### AIM OF THE TASK
Repeat the records below exactly from the line containing "передпокій представлений цілісною" to the line containing "Frankrijk, Duitsland, Spanje, Italië", taking in both of those lines. Drop the pictures.

### MATERIAL FOR THIS EXERCISE
----------

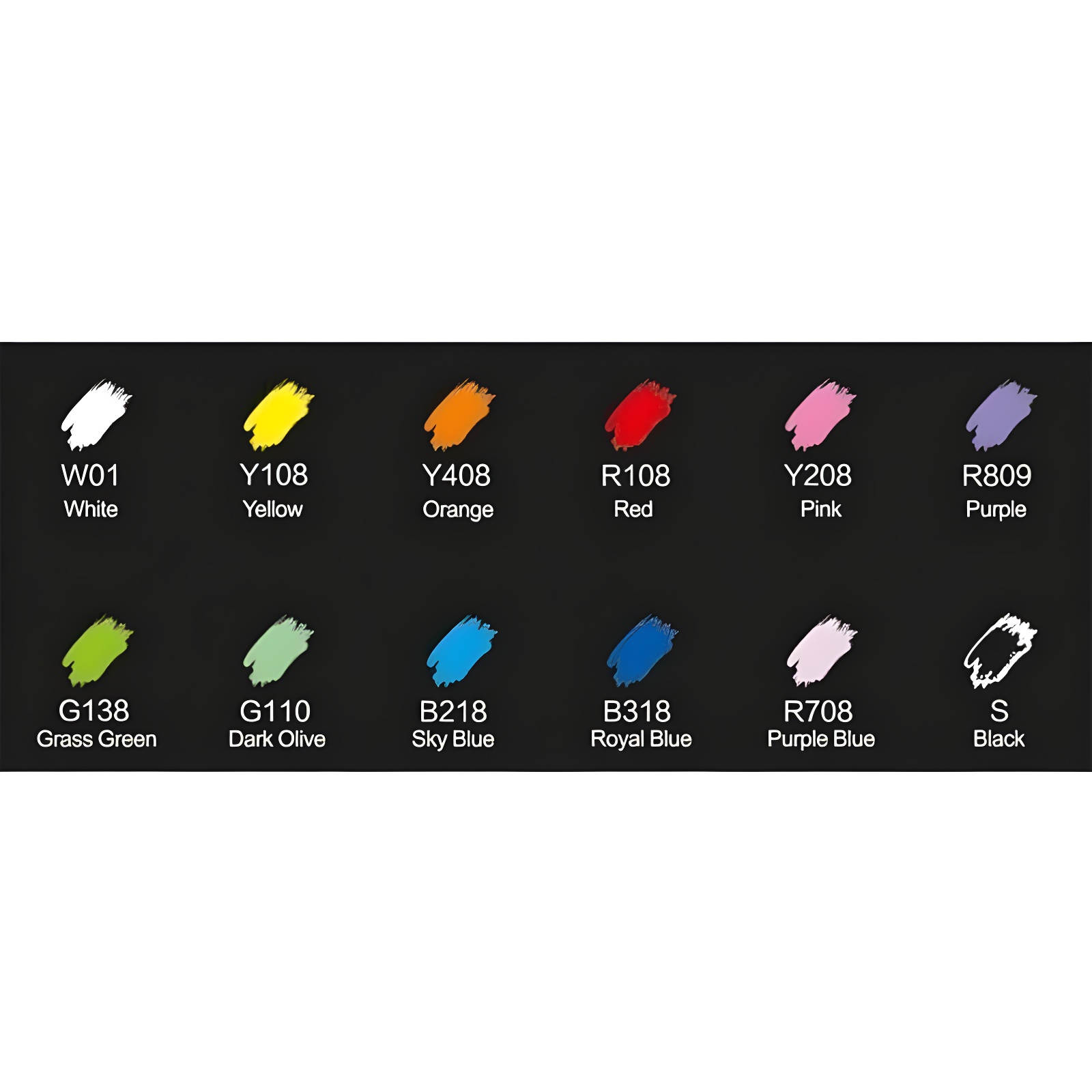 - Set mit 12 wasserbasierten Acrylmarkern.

----------

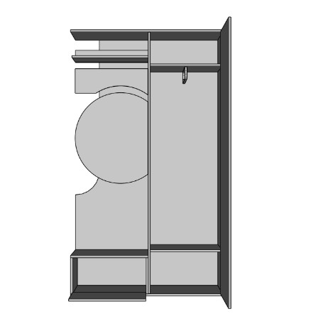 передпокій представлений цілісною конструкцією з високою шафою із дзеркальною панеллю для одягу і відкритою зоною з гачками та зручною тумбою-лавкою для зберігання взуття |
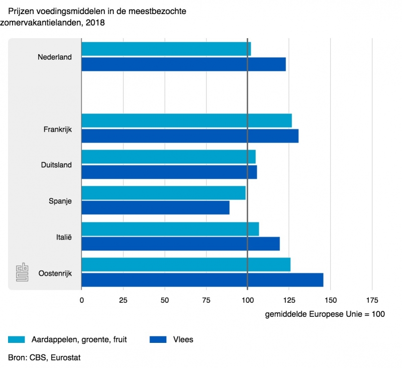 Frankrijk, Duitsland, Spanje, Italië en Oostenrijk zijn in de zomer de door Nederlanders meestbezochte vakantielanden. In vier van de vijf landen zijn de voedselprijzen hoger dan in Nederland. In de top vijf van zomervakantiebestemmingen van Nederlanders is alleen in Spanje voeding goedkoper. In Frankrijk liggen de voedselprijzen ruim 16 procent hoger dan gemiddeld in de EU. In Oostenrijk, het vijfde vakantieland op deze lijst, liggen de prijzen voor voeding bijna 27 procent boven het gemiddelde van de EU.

----------

### EXERCISE RESULT
 передпокій представлений цілісною конструкцією з високою шафою із дзеркальною панеллю для одягу і відкритою зоною з гачками та зручною тумбою-лавкою для зберігання взуття |
 Frankrijk, Duitsland, Spanje, Italië en Oostenrijk zijn in de zomer de door Nederlanders meestbezochte vakantielanden. In vier van de vijf landen zijn de voedselprijzen hoger dan in Nederland. In de top vijf van zomervakantiebestemmingen van Nederlanders is alleen in Spanje voeding goedkoper. In Frankrijk liggen de voedselprijzen ruim 16 procent hoger dan gemiddeld in de EU. In Oostenrijk, het vijfde vakantieland op deze lijst, liggen de prijzen voor voeding bijna 27 procent boven het gemiddelde van de EU.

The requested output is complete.